Friday, 29 August 2008

Bermondsey as was

The signs outside Bermondsey Antique Market say it is world famous. It opens at 4am (something to do with an ancient law about selling stolen items on before sunrise to escape prosecution) each Friday but is pretty world weary by 12.30pm. The very last knockings: most of the stalls already packed up and the traders are gabbing and counting their fish knives and busted watches before wrapping them in old newspapers and laundry bags, shoving them into vans or Volvo estates and going off for a snooze. Is it worth arriving at 4am? I'll tell you after I've tried it, though I suspect it probably isn't.

Apartment blocks have gone up around what was the market square, overshadowing it somewhat. But there's still a bit of old colour across the way in Bermondsey St, which hasn't quite up and come. I would imagine there were quite a few furniture dealers here at one time but now there is just one with another in one of the side yards. Happily, the greasy spoon is still open - £4.50 for fish, chips and peas, bread and butter - and the other eating places and the boozer don't look too awful. The best thing, though, are the little yards and alleys - one contains a house made up, it appears, of interlocking lorry containers, stacked on one another, with metal stairs up the side.

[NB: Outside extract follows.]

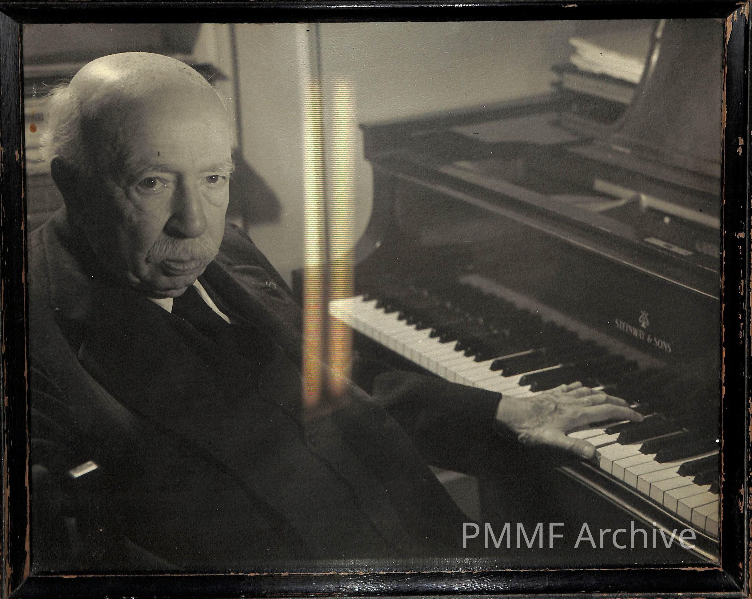 Formal framed black & white photo of pianist facing photogtapher with left hand on keyboard of a Steinway. [Subject not identified.]Collection

This is an area that has been built on and built on and built on over centuries and although the majority of the buildings are Victorian or Georgian, the layout probably hasn't changed much. Here's a nice painting of Bermondsey fete in 1569 by Joris Hoefnagel. The position would be just about where the market is today, and the track running north to the river was - or became - Horselydown Lane before being renamed Tower Bridge Rd.